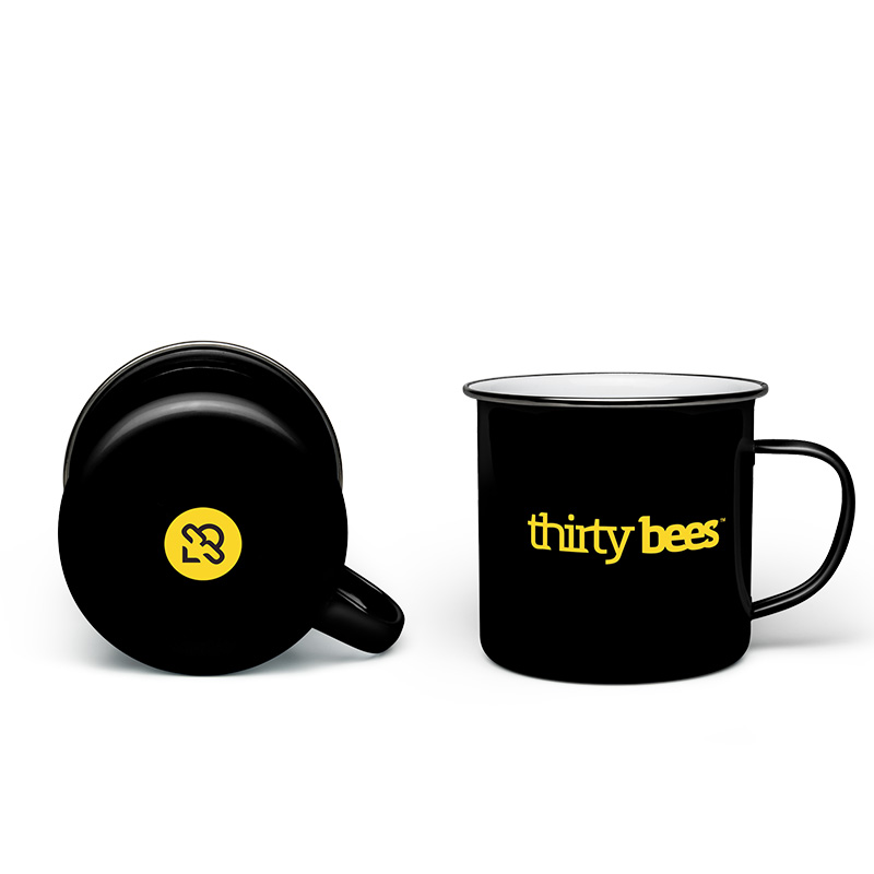 The stylish thirty bees logo tin cup, perfect for tea.
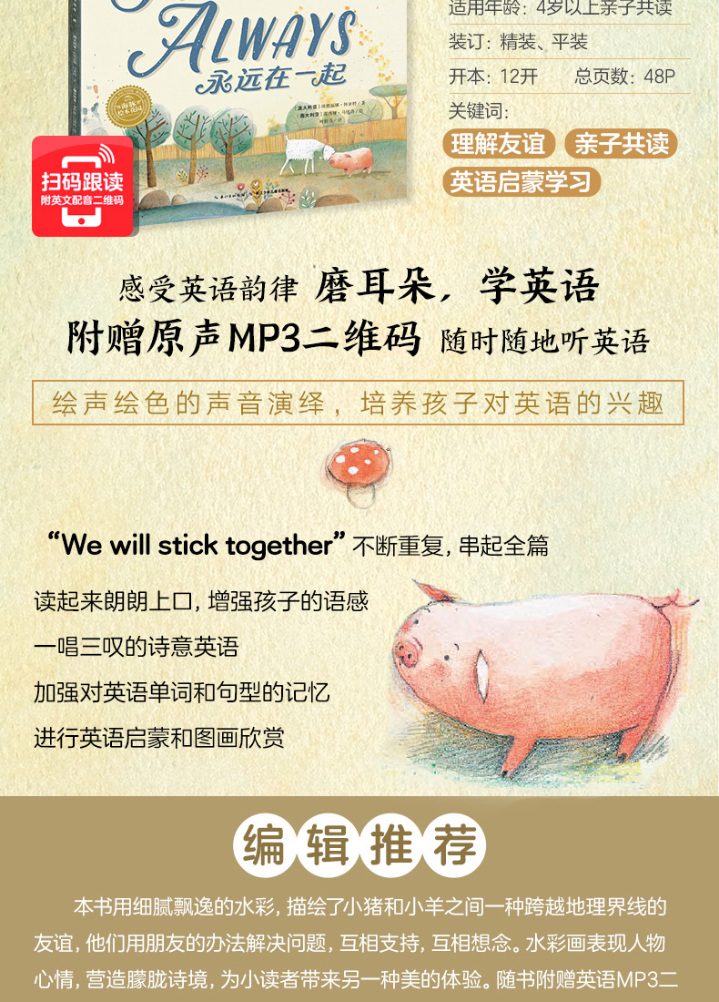 海豚绘本花园:永远在一起中英双语平装点读绘本人人应读的枕边书
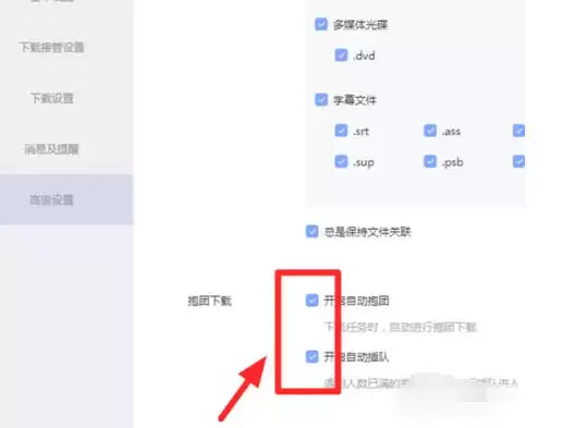 现在来到关键环节。在“高级设置”页面里,滚动浏览,找到关于“抱团下载”的相关选项。通常,你会看到“开启自动抱团”和“开启自动插队”两个复选框。把它们都勾选上——这就相当于给下载任务加入了“团队协作”和“智能调度”的双重buff。

#####

**TASK REQUIREMENTS**
Given the listing above, return exactly, and only, the lines from the line with "海豚绘本花园:永远在一起中英双语平装点读绘本人人应读的枕边书" through its final line, both included, with the pictures removed.

**REPLY TO THE EXERCISE**
 海豚绘本花园:永远在一起中英双语平装点读绘本人人应读的枕边书
 现在来到关键环节。在“高级设置”页面里,滚动浏览,找到关于“抱团下载”的相关选项。通常,你会看到“开启自动抱团”和“开启自动插队”两个复选框。把它们都勾选上——这就相当于给下载任务加入了“团队协作”和“智能调度”的双重buff。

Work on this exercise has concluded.